EXERCISE REQUIREMENTS: Here the job is to transcribe the data verbatim while leaving each picture out.

----------

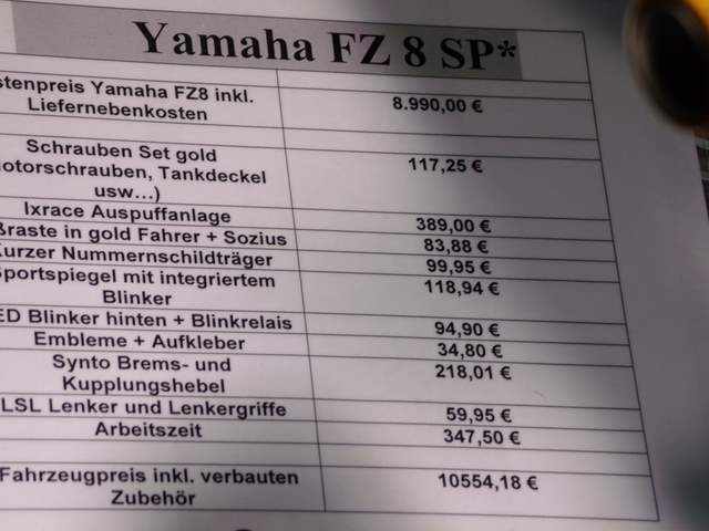 Auf der Intermoto in Saarbrücken stand heute ne FZ8 mit goldenen Schrauben LSL Lenker, Griffe und Ixil Endtopf. Sieht ganz nett aus. :wink:
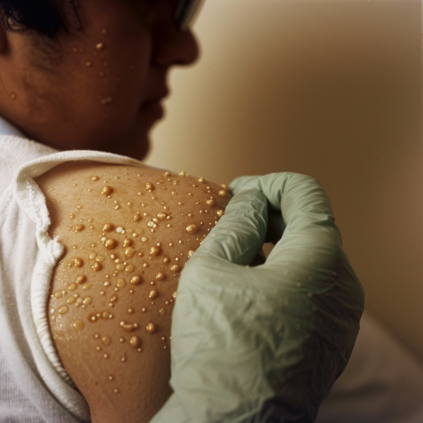 - 발진기: 전구 증상 후, 특징적인 수두 발진이 나타납니다. 처음에는 몸통, 얼굴, 두피에 붉은 반점이 나타나며, 이후 몇 시간 내에 작은 물집으로 발전합니다. 이 물집들은 가렵고, 몇 일 내에 건조해지면서 껍질을 형성합니다. 새로운 발진은 여러 단계에 걸쳐 3~5일 동안 나타날 수 있습니다.
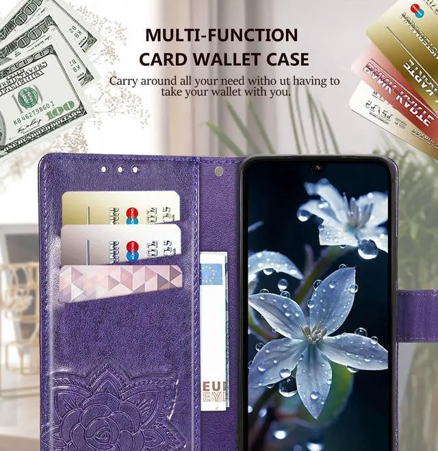 Exquisite Butterfly Pattern Design: The case wallet for women girls with 3D emboss butterfly flowers pattern premium leather with soft TPU interior material brings very comfortable touch feel. This folio case will bring you charm while offering protection and convenience.
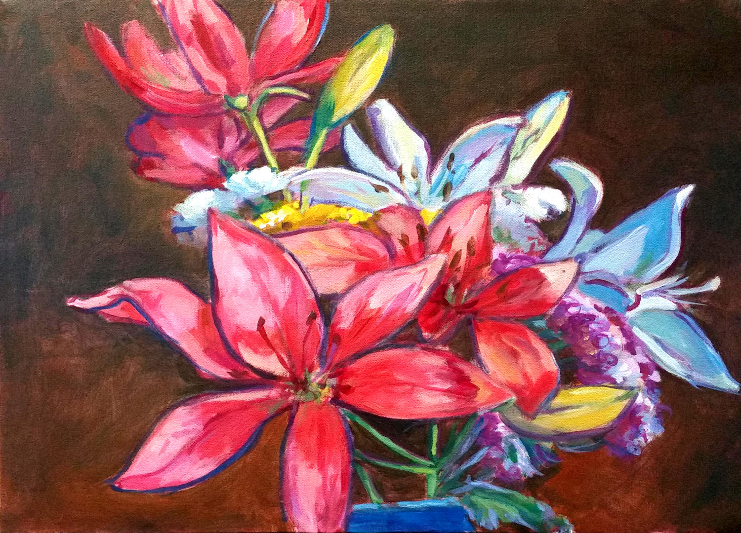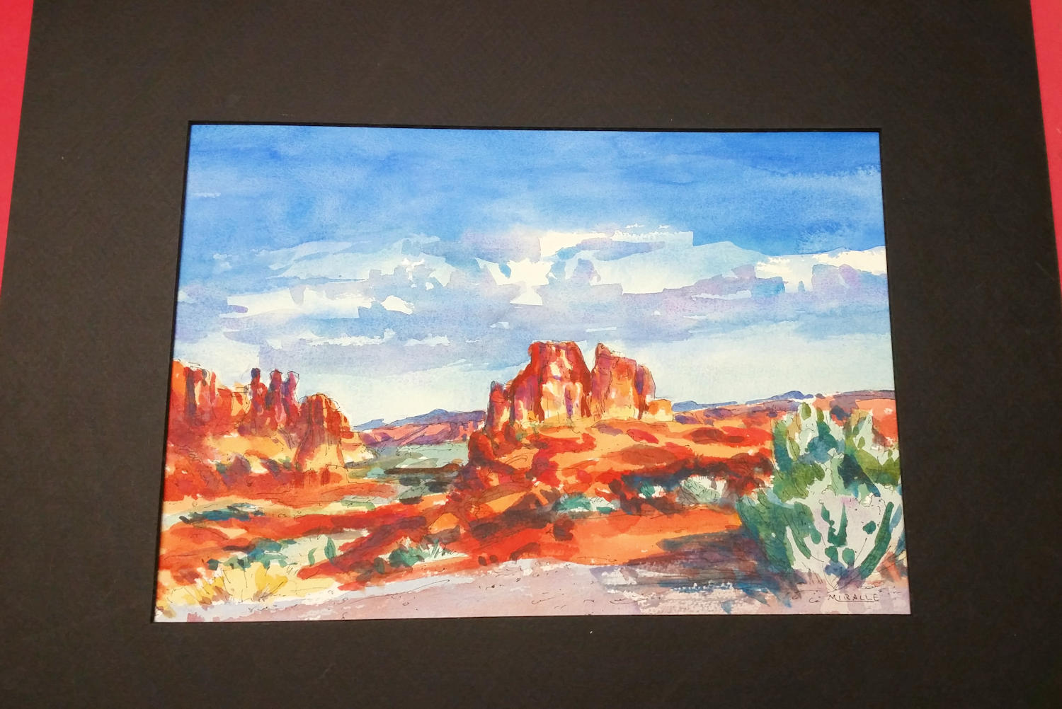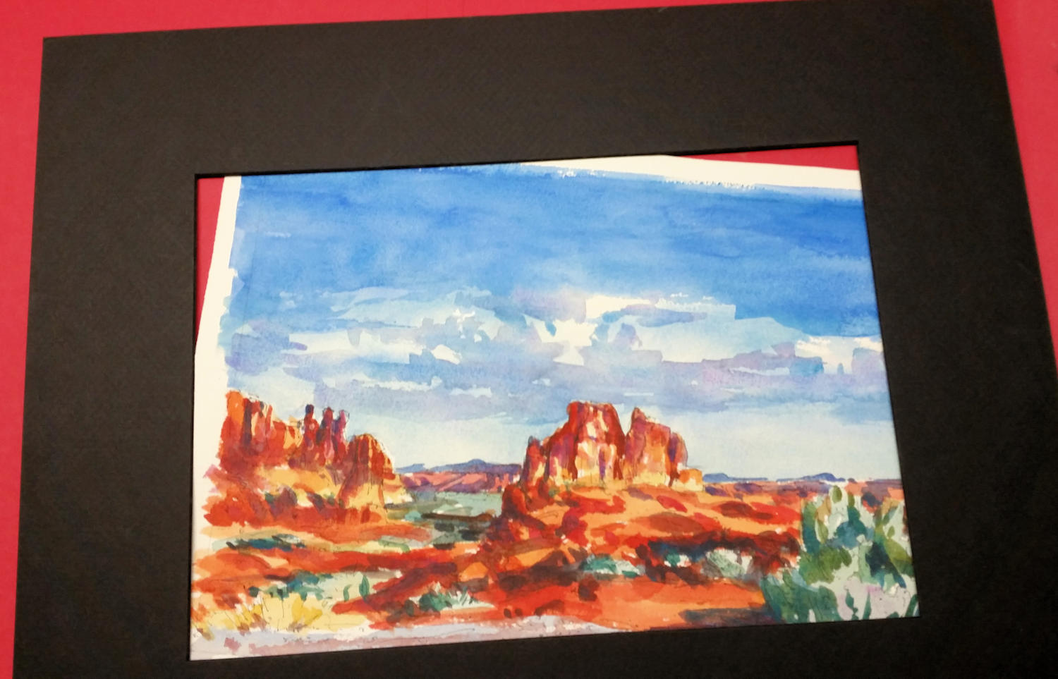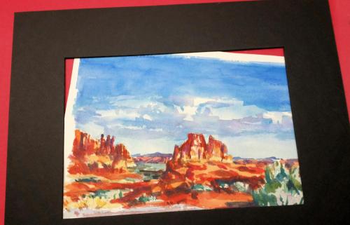 A small painting with a ready-cut mat and backing. The painting has a border around it to allow some flexibility in situating it within the mat.
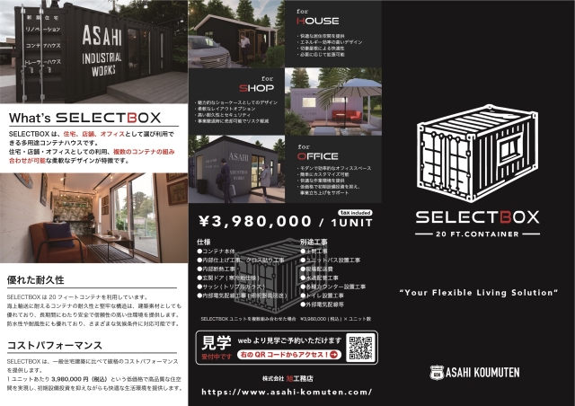 こんにちは。 建築課の濱田滉大です。 6月29日(土)、30日(日)の2日間で行われるコンテナハウス「SELECTBOX」見学会に向けた準備が進んでおります! 相変わらず旭工務店はどこに向かっているのでしょうか(笑)という心配ごとは置いといて(^^;今回、見学会にご参加いただいた方でコンテナハウス「SELECTBOX」に興味がある方向けに詳細が記載しているリーフレットをお渡しします!! 金額や仕様、コンテナハウスの特徴等が分かりやすく掲載されています(^_^)これを見れば一目瞭然です!! 更に裏面には「HOUSE」、「SHOP」、「OFFICE」の3つのPLANの平面図や説明が一目で分かるようになっています。さあ、皆さんも欲しくなってきましたよね?今すぐ、TEL017-788-2266または見学予約カレンダーからご予約ください!…という宣伝blogでした(笑) ※時間帯によってはすでに予約が埋まっているところもありますので、ご予約をお考えの方はお早めにお願いします。 コンテナハウス「SELECTBOX」見学会開催! 会場 青森市新城山田208-36(旭工務店敷地内) 開催日時 6月29日(土)、30日(日)10時~17時 お問い合わせ先 TEL017-788-2266または見学予約カレンダーから ・ご氏名 ・参加希望日、時間 ・参加される人数 ・ご住所 ・ご連絡先 をご記入ください。 旭工務店公式LINE@では直接のお問い合わせメッセージもお待ちしております。 家づくりに関しての気になる疑問から、具体的なお悩みまで、お気軽にご相談下さい
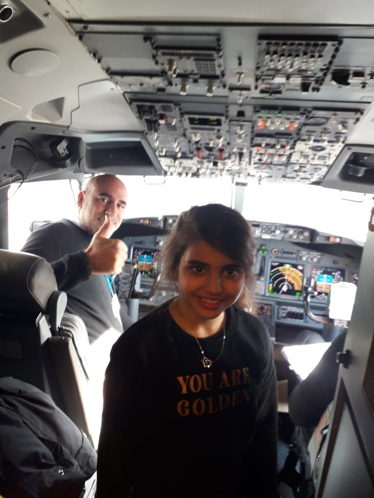 כניסה לשרוול E2 ועלייה למטוס, אלה הצטלמה עם הטייס בקופקיט , טיסה קצרה מאוד, ואחרי 40 דק' נחתנו בנמל תעופה פאפוס.
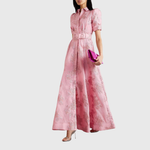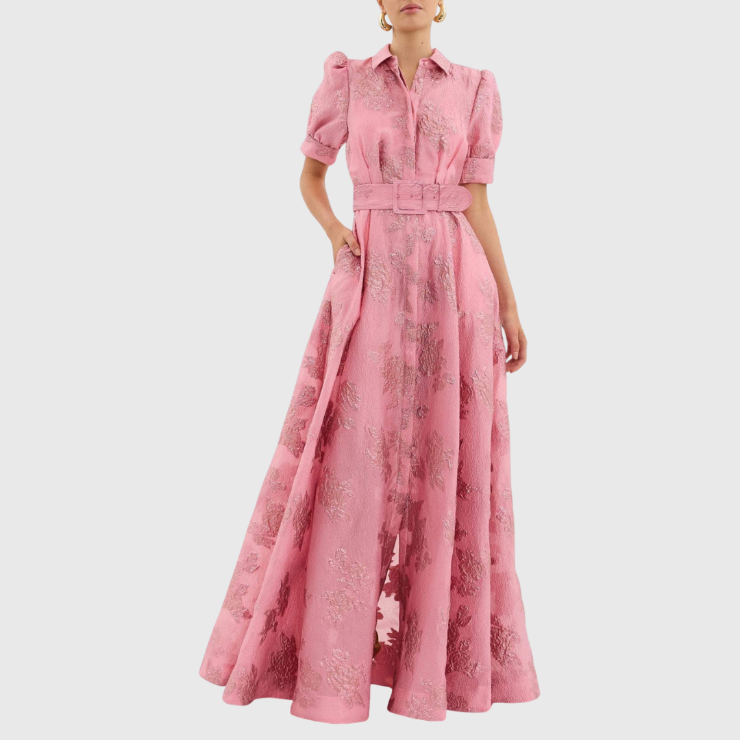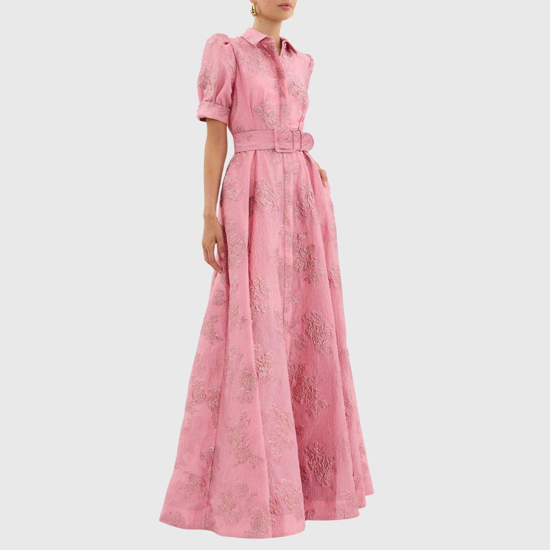 Dieses Maxi-Kleid verfügt über kurze Ärmel, eine klar definierte Taille mit passendem Gürtel sowie eine bodenlange Silhouette. Das Design kombiniert einen strukturierten oberen Bereich mit einem fliessenden Rockteil und eignet sich für formelle Anlässe sowie abgestimmte Gruppenveranstaltungen. Der Aufbau unterstützt ein ausgewogenes und gepflegtes Erscheinungsbild.
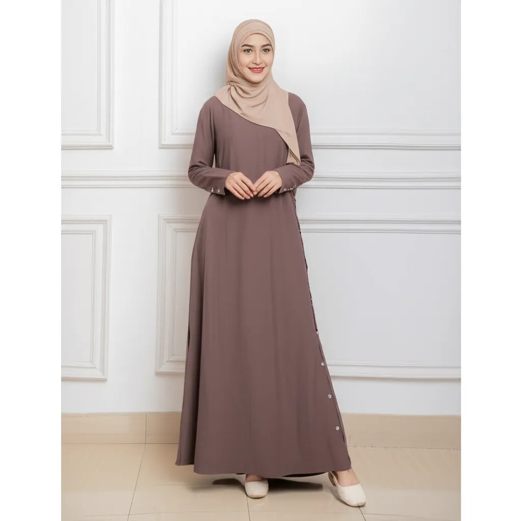 fashiola Abaya Gamis Casual Polos Busui Baju Muslim Wanita Umroh Lebaran Haji Daily T1

----------

RESULT OF THIS EXERCISE:
 Auf der Intermoto in Saarbrücken stand heute ne FZ8 mit goldenen Schrauben LSL Lenker, Griffe und Ixil Endtopf. Sieht ganz nett aus. :wink:
 - 발진기: 전구 증상 후, 특징적인 수두 발진이 나타납니다. 처음에는 몸통, 얼굴, 두피에 붉은 반점이 나타나며, 이후 몇 시간 내에 작은 물집으로 발전합니다. 이 물집들은 가렵고, 몇 일 내에 건조해지면서 껍질을 형성합니다. 새로운 발진은 여러 단계에 걸쳐 3~5일 동안 나타날 수 있습니다.
 Exquisite Butterfly Pattern Design: The case wallet for women girls with 3D emboss butterfly flowers pattern premium leather with soft TPU interior material brings very comfortable touch feel. This folio case will bring you charm while offering protection and convenience.
 A small painting with a ready-cut mat and backing. The painting has a border around it to allow some flexibility in situating it within the mat.
 こんにちは。 建築課の濱田滉大です。 6月29日(土)、30日(日)の2日間で行われるコンテナハウス「SELECTBOX」見学会に向けた準備が進んでおります! 相変わらず旭工務店はどこに向かっているのでしょうか(笑)という心配ごとは置いといて(^^;今回、見学会にご参加いただいた方でコンテナハウス「SELECTBOX」に興味がある方向けに詳細が記載しているリーフレットをお渡しします!! 金額や仕様、コンテナハウスの特徴等が分かりやすく掲載されています(^_^)これを見れば一目瞭然です!! 更に裏面には「HOUSE」、「SHOP」、「OFFICE」の3つのPLANの平面図や説明が一目で分かるようになっています。さあ、皆さんも欲しくなってきましたよね?今すぐ、TEL017-788-2266または見学予約カレンダーからご予約ください!…という宣伝blogでした(笑) ※時間帯によってはすでに予約が埋まっているところもありますので、ご予約をお考えの方はお早めにお願いします。 コンテナハウス「SELECTBOX」見学会開催! 会場 青森市新城山田208-36(旭工務店敷地内) 開催日時 6月29日(土)、30日(日)10時~17時 お問い合わせ先 TEL017-788-2266または見学予約カレンダーから ・ご氏名 ・参加希望日、時間 ・参加される人数 ・ご住所 ・ご連絡先 をご記入ください。 旭工務店公式LINE@では直接のお問い合わせメッセージもお待ちしております。 家づくりに関しての気になる疑問から、具体的なお悩みまで、お気軽にご相談下さい
 כניסה לשרוול E2 ועלייה למטוס, אלה הצטלמה עם הטייס בקופקיט , טיסה קצרה מאוד, ואחרי 40 דק' נחתנו בנמל תעופה פאפוס.
 Dieses Maxi-Kleid verfügt über kurze Ärmel, eine klar definierte Taille mit passendem Gürtel sowie eine bodenlange Silhouette. Das Design kombiniert einen strukturierten oberen Bereich mit einem fliessenden Rockteil und eignet sich für formelle Anlässe sowie abgestimmte Gruppenveranstaltungen. Der Aufbau unterstützt ein ausgewogenes und gepflegtes Erscheinungsbild.
 fashiola Abaya Gamis Casual Polos Busui Baju Muslim Wanita Umroh Lebaran Haji Daily T1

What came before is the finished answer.